» **Requirement**
From the line containing "ИСПОЛЬЗОВАНИЕ ГЛАГОЛА  MAKEГлагол Make употребляется, когда" down to the line containing "该研究揭示这两个转录因子各自", copy out the entries below exactly, both lines included, and nothing else; pictures do not belong in the copy.

Entries taken from a collection

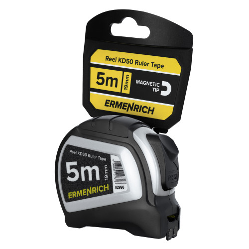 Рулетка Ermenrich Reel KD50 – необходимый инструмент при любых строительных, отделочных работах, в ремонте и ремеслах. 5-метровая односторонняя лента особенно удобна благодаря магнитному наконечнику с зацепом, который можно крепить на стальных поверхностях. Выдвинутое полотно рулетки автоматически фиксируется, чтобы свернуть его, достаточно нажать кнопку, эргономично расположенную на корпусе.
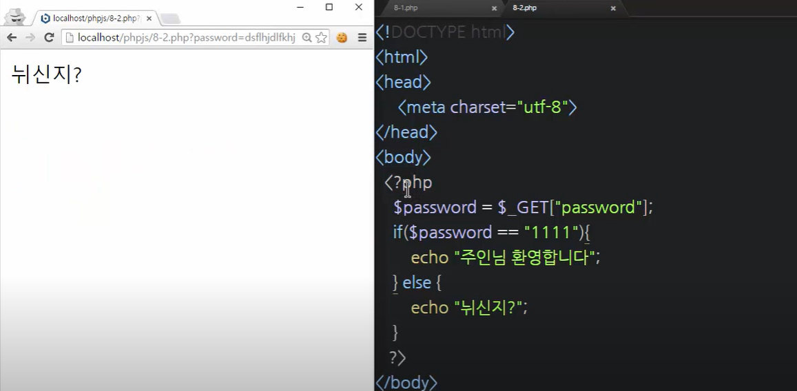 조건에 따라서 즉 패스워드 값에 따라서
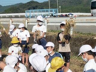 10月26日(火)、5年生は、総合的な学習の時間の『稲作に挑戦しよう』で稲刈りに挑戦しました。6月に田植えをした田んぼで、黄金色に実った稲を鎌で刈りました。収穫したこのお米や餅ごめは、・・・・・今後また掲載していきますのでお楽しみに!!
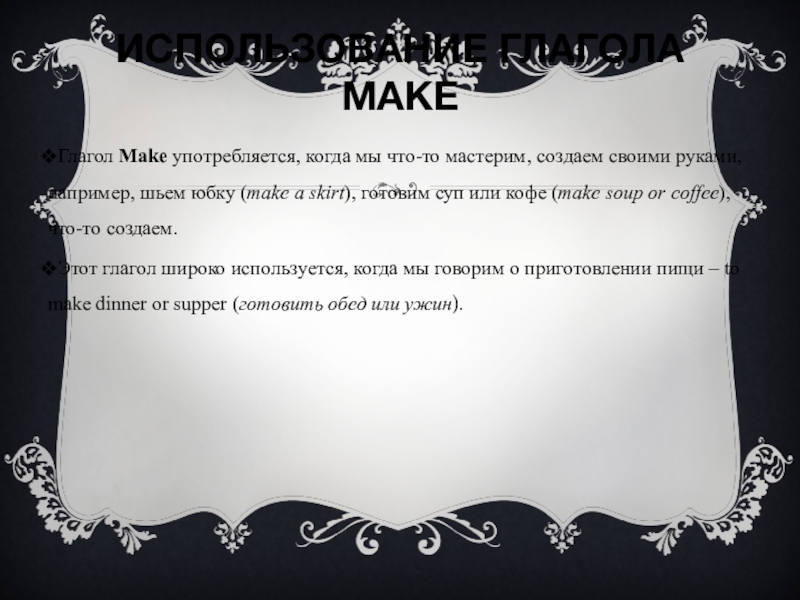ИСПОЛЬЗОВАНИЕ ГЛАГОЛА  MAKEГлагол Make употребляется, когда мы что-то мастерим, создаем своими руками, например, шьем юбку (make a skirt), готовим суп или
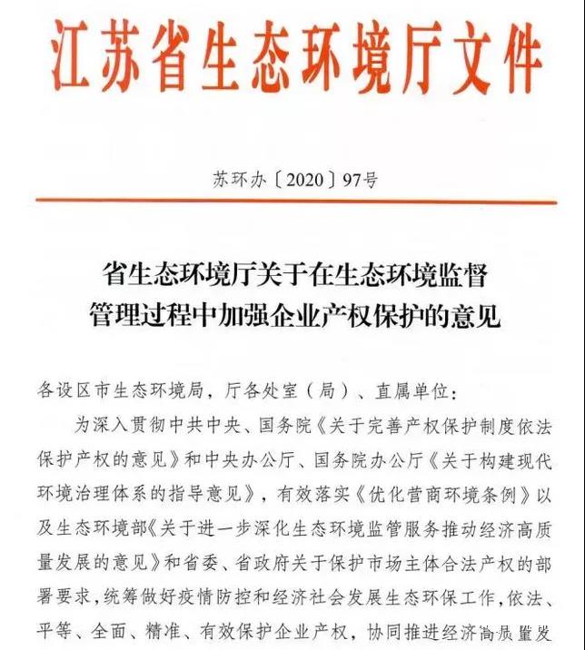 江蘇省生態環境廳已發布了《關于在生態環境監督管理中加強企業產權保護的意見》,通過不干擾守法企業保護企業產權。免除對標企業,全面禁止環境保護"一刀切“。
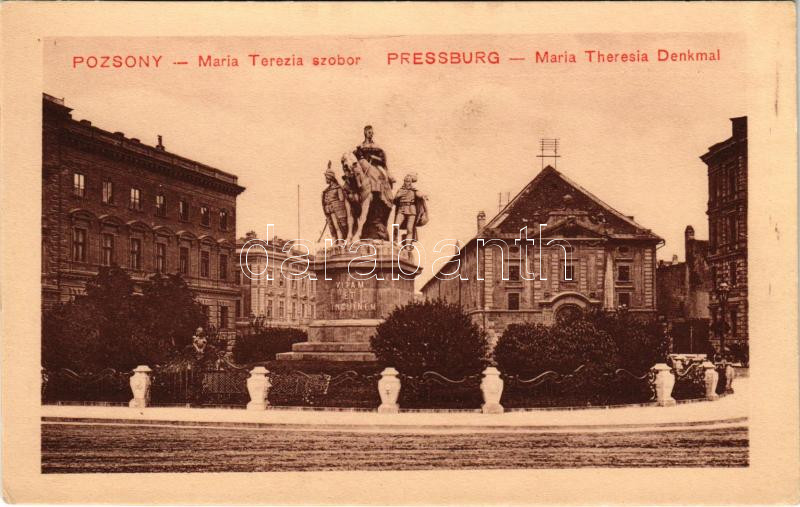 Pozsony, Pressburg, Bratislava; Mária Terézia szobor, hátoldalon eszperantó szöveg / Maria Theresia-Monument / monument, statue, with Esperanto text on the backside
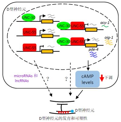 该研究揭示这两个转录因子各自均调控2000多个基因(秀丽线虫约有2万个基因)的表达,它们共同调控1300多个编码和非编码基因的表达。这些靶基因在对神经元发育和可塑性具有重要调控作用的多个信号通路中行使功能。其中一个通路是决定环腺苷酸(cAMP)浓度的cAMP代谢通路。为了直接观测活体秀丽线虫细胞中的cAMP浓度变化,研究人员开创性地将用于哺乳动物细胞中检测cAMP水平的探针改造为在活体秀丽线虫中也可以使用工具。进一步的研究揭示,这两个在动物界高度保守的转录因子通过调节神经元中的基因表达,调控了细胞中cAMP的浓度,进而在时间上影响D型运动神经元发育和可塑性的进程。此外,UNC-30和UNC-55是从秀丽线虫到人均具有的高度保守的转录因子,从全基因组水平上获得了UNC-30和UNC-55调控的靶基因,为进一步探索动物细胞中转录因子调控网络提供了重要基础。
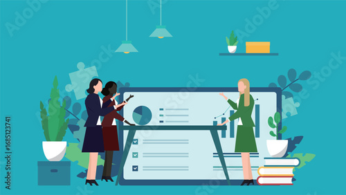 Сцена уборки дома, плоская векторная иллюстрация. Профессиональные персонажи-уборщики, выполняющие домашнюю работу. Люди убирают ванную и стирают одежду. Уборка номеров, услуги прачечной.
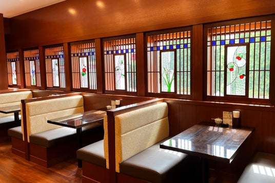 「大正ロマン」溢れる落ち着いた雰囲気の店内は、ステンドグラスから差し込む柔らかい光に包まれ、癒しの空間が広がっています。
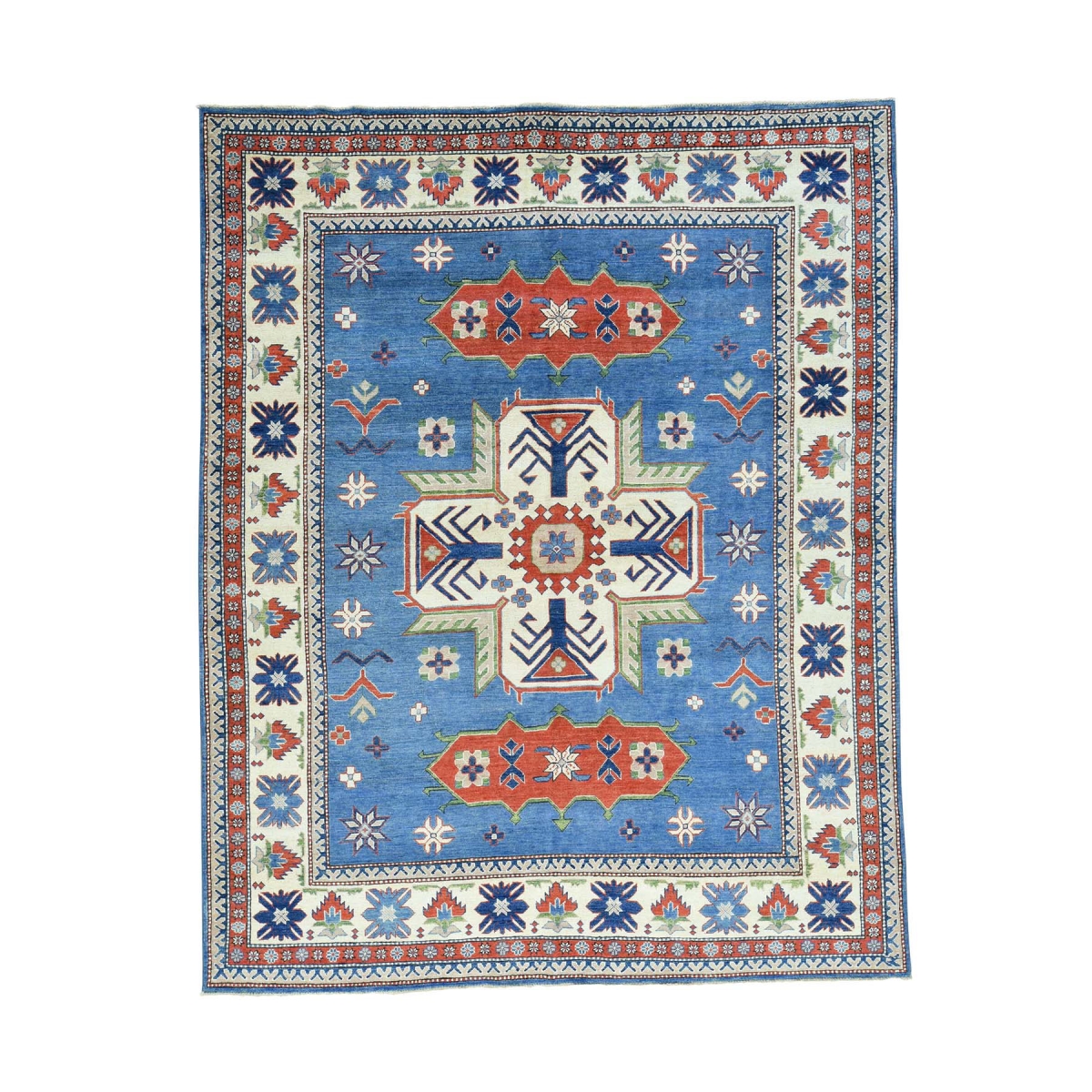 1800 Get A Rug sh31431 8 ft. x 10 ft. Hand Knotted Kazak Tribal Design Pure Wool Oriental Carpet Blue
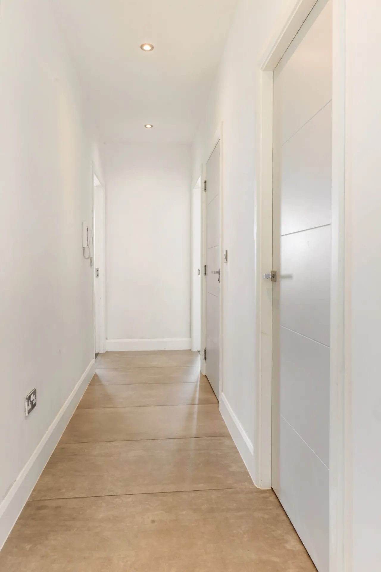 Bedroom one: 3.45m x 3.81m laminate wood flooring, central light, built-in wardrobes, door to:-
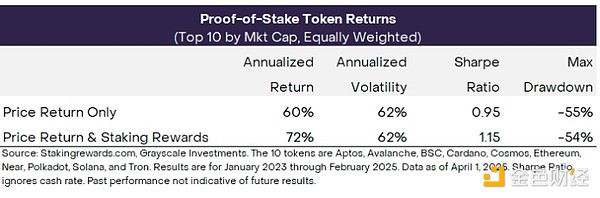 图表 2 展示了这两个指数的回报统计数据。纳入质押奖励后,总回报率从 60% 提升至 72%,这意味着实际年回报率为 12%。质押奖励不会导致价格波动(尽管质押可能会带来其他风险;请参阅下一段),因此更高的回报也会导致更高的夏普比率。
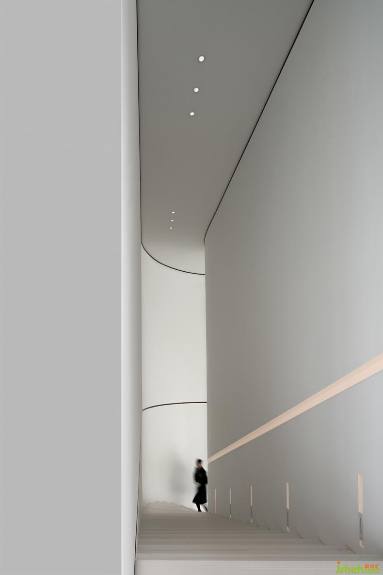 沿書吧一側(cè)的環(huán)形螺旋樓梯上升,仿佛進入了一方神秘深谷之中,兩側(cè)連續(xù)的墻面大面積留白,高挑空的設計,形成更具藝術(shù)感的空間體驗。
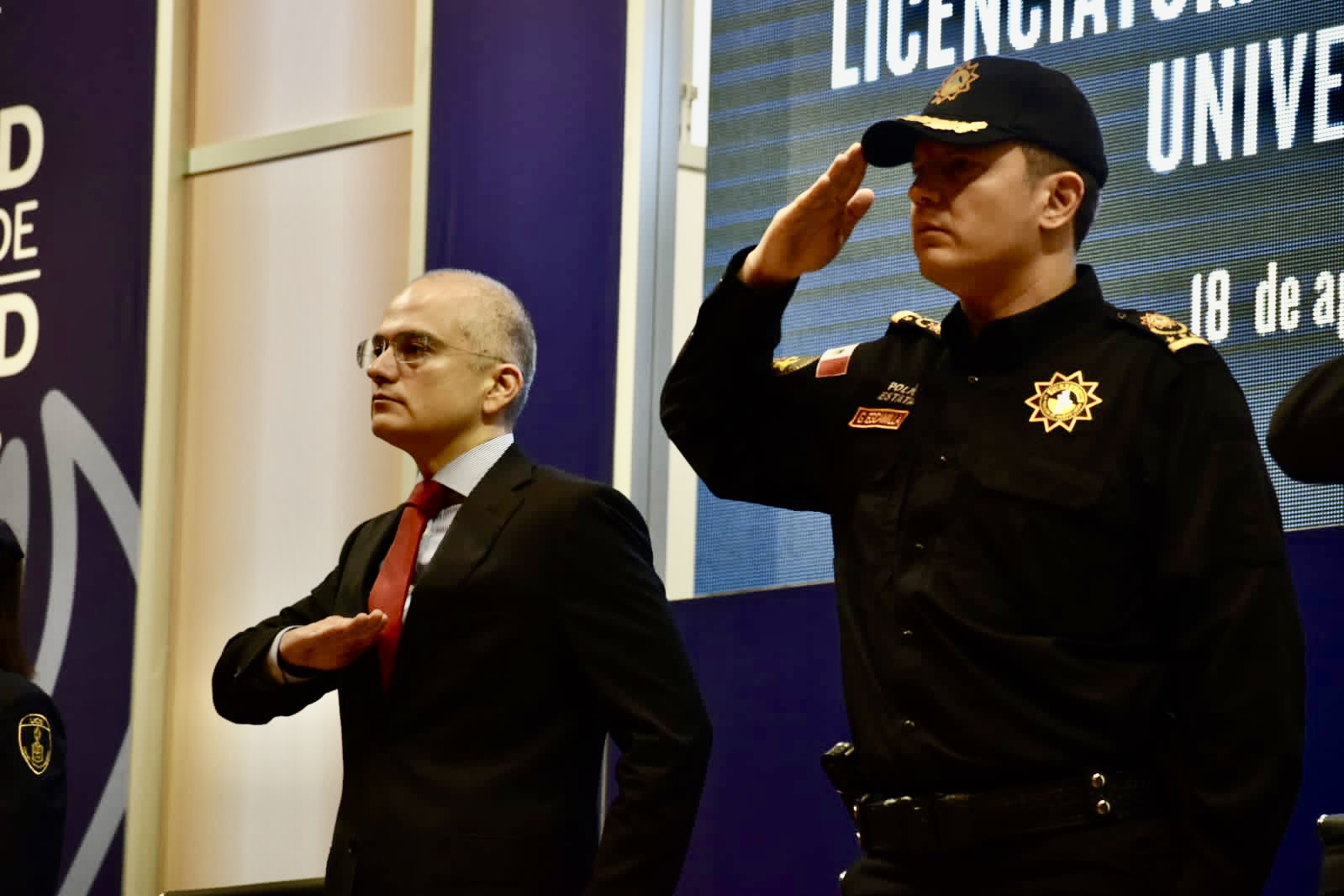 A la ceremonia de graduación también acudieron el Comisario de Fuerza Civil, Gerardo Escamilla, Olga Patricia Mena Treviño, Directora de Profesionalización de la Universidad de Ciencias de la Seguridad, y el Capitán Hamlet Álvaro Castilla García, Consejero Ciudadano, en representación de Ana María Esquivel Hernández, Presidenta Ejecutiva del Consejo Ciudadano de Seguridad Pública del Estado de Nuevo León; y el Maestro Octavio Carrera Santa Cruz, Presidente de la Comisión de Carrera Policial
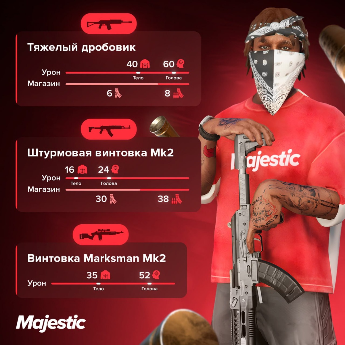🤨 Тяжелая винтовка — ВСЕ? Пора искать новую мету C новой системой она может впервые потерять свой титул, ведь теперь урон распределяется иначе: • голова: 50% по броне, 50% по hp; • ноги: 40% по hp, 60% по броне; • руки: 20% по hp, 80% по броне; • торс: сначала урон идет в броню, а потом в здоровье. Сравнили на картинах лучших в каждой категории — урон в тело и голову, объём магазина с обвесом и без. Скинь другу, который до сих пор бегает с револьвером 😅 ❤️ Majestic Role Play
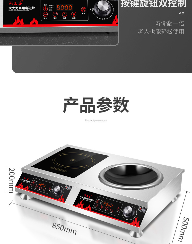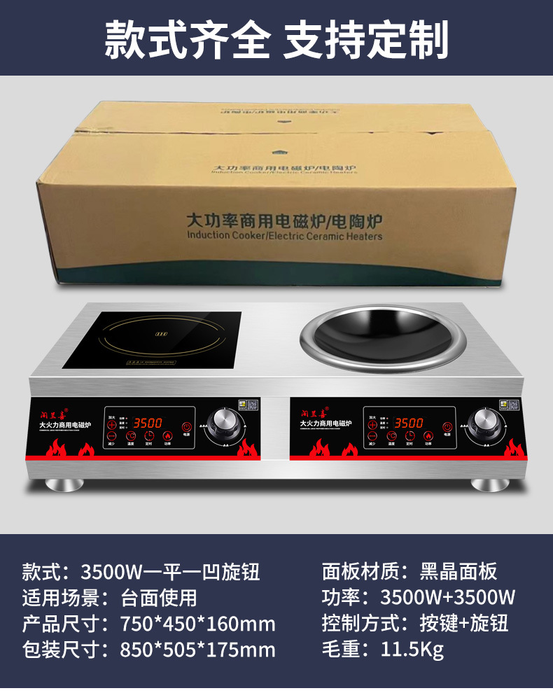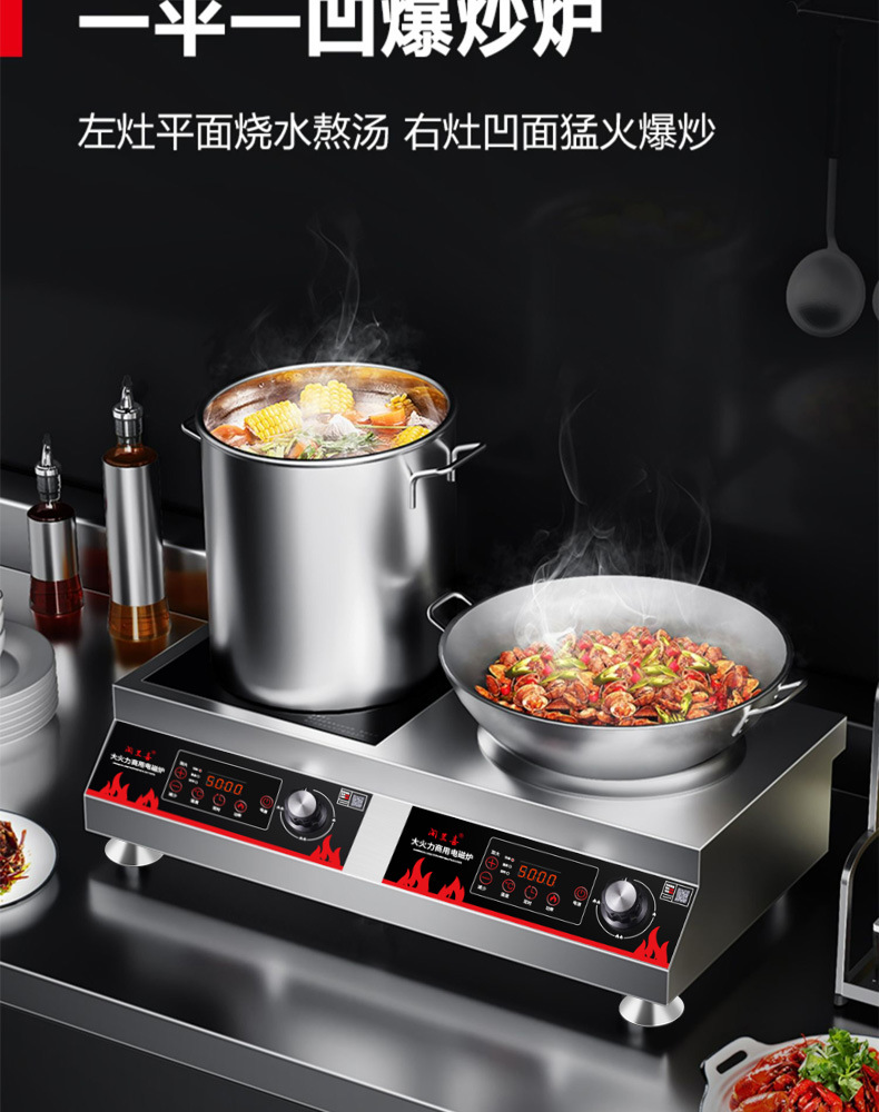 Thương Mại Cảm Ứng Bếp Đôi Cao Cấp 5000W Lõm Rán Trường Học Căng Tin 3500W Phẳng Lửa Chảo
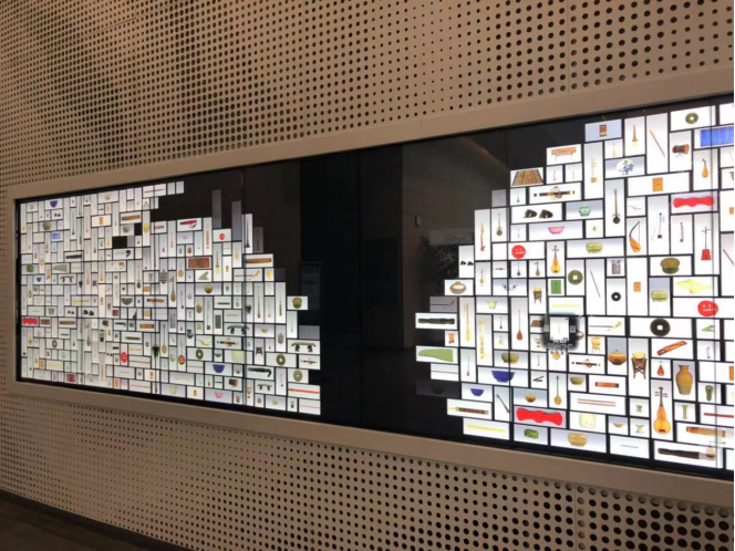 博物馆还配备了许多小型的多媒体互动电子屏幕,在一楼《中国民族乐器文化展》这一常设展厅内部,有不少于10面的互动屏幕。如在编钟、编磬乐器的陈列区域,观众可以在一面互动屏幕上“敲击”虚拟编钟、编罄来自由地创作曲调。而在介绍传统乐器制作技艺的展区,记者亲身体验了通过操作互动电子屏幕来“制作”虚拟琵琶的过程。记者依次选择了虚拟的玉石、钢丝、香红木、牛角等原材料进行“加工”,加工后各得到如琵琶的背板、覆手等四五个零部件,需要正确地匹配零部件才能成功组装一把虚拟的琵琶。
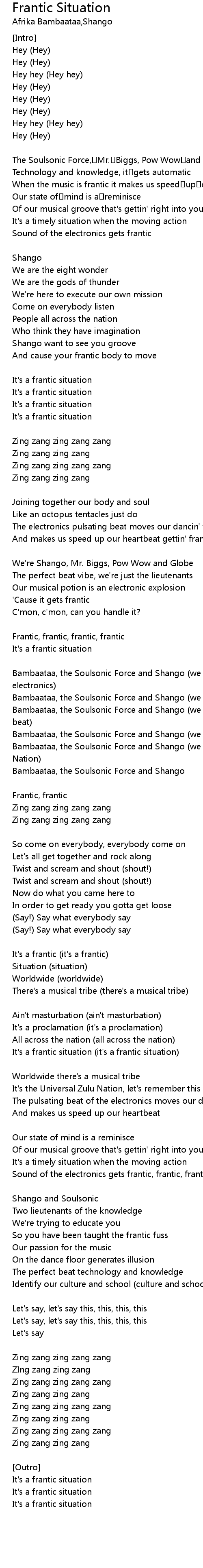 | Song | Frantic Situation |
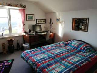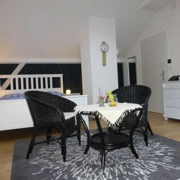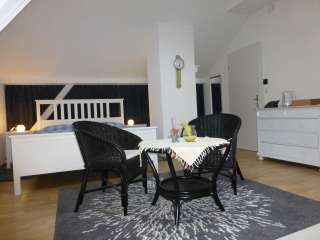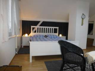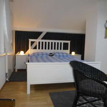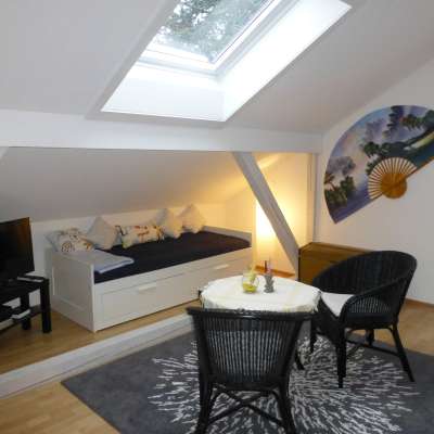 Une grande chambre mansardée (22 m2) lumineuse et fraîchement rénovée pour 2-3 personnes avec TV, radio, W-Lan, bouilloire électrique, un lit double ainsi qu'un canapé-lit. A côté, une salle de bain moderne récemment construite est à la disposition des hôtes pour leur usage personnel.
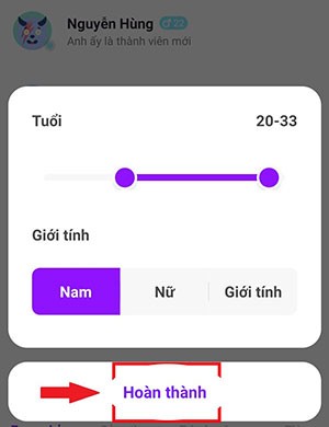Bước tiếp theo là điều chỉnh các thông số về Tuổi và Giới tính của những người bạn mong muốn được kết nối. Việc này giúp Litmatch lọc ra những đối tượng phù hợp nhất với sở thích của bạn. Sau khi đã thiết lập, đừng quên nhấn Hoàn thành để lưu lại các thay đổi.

» **Solution to the problem**
ИСПОЛЬЗОВАНИЕ ГЛАГОЛА  MAKEГлагол Make употребляется, когда мы что-то мастерим, создаем своими руками, например, шьем юбку (make a skirt), готовим суп или
 江蘇省生態環境廳已發布了《關于在生態環境監督管理中加強企業產權保護的意見》,通過不干擾守法企業保護企業產權。免除對標企業,全面禁止環境保護"一刀切“。
 Pozsony, Pressburg, Bratislava; Mária Terézia szobor, hátoldalon eszperantó szöveg / Maria Theresia-Monument / monument, statue, with Esperanto text on the backside
 该研究揭示这两个转录因子各自均调控2000多个基因(秀丽线虫约有2万个基因)的表达,它们共同调控1300多个编码和非编码基因的表达。这些靶基因在对神经元发育和可塑性具有重要调控作用的多个信号通路中行使功能。其中一个通路是决定环腺苷酸(cAMP)浓度的cAMP代谢通路。为了直接观测活体秀丽线虫细胞中的cAMP浓度变化,研究人员开创性地将用于哺乳动物细胞中检测cAMP水平的探针改造为在活体秀丽线虫中也可以使用工具。进一步的研究揭示,这两个在动物界高度保守的转录因子通过调节神经元中的基因表达,调控了细胞中cAMP的浓度,进而在时间上影响D型运动神经元发育和可塑性的进程。此外,UNC-30和UNC-55是从秀丽线虫到人均具有的高度保守的转录因子,从全基因组水平上获得了UNC-30和UNC-55调控的靶基因,为进一步探索动物细胞中转录因子调控网络提供了重要基础。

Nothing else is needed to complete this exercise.